Similarly, we see that the model forecasts that a 40 year-old man who is Independent will have an income of 52,697 (cell J23).įigure 3 – Forecasting with categorical data From Figure 3, you can see that the model forecasts that this person would have an income of 24,494 (cell J22) as calculated by the formula =TREND(J4:J19,F4:I19,F22:I22). The model can predict the income of a 25 year old woman who is a Democrat, provided you recognize that the coding is Age = 25, Gender1 = 0, Party1 = 0, Party2 = 1. The output from the Real Statistics Linear Regression data analysis tool on this input is shown in Figure 2.įigure 2 – Regression with categorical data We can now perform regression analysis on this range.
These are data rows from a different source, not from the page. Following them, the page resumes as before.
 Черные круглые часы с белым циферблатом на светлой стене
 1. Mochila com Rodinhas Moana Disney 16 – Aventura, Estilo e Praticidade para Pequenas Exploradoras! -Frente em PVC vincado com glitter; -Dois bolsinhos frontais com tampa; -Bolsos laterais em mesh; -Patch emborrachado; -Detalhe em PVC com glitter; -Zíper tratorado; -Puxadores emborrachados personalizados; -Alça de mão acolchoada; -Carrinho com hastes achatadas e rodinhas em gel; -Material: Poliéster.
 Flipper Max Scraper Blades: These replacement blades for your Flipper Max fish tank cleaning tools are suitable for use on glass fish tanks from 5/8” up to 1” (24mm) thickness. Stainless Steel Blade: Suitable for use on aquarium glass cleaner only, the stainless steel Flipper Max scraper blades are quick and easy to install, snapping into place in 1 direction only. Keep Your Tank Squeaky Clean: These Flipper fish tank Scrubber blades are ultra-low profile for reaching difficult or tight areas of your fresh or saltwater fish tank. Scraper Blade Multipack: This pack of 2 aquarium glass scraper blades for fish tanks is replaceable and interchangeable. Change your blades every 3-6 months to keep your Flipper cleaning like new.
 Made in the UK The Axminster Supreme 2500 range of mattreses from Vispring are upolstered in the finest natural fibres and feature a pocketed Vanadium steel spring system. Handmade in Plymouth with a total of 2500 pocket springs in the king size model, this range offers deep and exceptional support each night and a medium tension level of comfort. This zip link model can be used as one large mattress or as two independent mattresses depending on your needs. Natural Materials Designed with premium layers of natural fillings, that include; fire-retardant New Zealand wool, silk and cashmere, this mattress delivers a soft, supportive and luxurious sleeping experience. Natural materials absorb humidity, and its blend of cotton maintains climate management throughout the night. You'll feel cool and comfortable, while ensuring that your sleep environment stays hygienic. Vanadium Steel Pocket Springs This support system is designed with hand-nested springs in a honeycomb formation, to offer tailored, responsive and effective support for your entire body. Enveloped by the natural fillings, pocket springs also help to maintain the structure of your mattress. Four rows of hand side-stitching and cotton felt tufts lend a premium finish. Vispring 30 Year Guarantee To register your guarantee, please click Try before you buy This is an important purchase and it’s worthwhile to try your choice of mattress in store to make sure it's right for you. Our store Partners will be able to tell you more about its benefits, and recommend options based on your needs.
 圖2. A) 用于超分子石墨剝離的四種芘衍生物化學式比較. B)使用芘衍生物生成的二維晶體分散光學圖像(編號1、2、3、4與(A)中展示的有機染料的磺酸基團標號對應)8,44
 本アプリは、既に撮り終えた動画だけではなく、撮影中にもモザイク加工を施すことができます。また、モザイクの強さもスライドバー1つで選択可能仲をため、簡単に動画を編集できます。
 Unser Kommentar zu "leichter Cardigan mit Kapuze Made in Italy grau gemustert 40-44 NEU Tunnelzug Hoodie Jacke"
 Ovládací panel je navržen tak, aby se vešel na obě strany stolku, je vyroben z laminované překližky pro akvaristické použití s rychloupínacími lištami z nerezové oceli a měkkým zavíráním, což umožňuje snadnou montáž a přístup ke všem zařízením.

The resulting coding is as shown in range F3:J19 of Figure 1. Party2 = 1 if Party is Dem and Party2 = 0 otherwise Party1 = 1 if Party is Rep and Party1 = 0 otherwise
How to use data analysis in excel regression code#
Since Party takes three values (Rep, Dem, Ind), two dummy variables, called Party1 and Party2, are needed to code Party, defined as follows: Gender1 = 1 if Gender is Male and Gender1 = 0 otherwise (i.e.
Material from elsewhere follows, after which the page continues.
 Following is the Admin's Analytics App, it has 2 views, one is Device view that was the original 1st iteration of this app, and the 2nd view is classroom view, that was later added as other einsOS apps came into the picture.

Since Gender takes two values (Male and Female), one dummy variable, called Gender1, is sufficient to code Gender, defined as follows: In general, if the original data has k categorical values, the model will require k – 1 dummy variables. There are three possible values for the Party affiliation variable and two possible values for the Gender. Each such dummy variable will only take the value 0 or 1 (although in ANOVA using Regression, we describe an alternative coding that takes values 0, 1 or -1).Įxample 1: Create a regression model for the data in range A3:D19 of Figure 1.Īge is a continuous random variable, while Party affiliation and Gender are categorical random variables. You can also create a scatter plot of these residuals.Categorical independent variables can be used in a regression analysis, but first, they need to be coded by one or more dummy variables (also called tag variables). For example, the first data point equals 8500.
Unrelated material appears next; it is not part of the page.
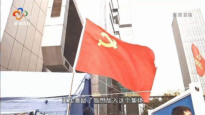 播音员:下沉防控期间,40岁的喻祥由于表现突出,被组织批准火线入党。
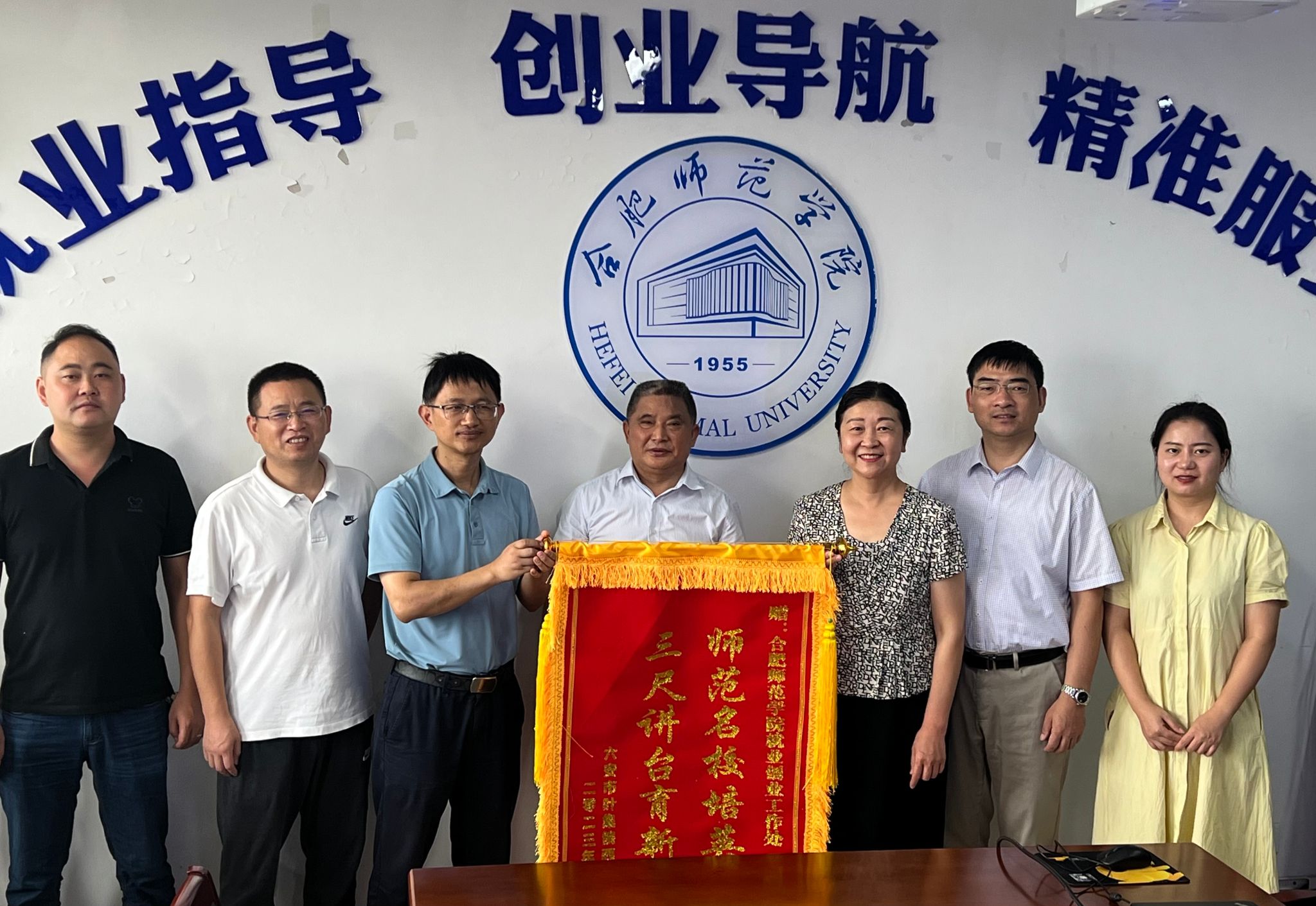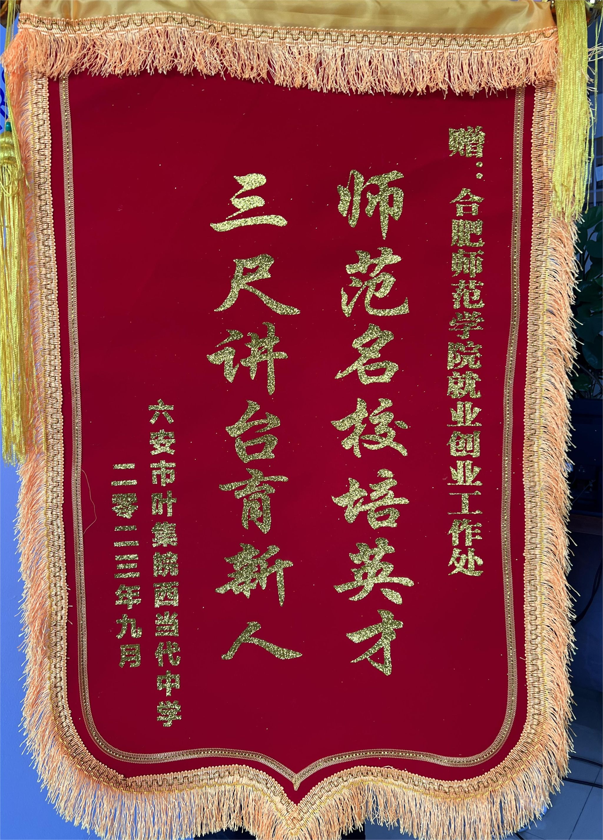 郭世珍介绍了皖西当代中学的基本情况,学校招聘了beat365唯一官方网站2023届多名毕业生,这批毕业生在工作中表现优异;为感谢beat365唯一官方网站为当代中学培养了优秀人才,特代表中学赠送锦旗。

The residuals show you how far away the actual data points are fom the predicted data points (using the equation). For example, if price equals $4 and Advertising equals $3000, you might be able to achieve a Quantity Sold of 8536.214 -835.722 * 4 + 0.592 * 3000 = 6970. You can also use these coefficients to do a forecast. For each unit increase in Advertising, Quantity Sold increases with 0.592 units. In other words, for each unit increase in price, Quantity Sold decreases with 835.722 units. The regression line is: y = Quantity Sold = 8536.214 -835.722 * Price + 0.592 * Advertising. Most or all P-values should be below below 0.05. Delete a variable with a high P-value (greater than 0.05) and rerun the regression until Significance F drops below 0.05. If Significance F is greater than 0.05, it's probably better to stop using this set of independent variables. If this value is less than 0.05, you're OK. To check if your results are reliable (statistically significant), look at Significance F ( 0.001).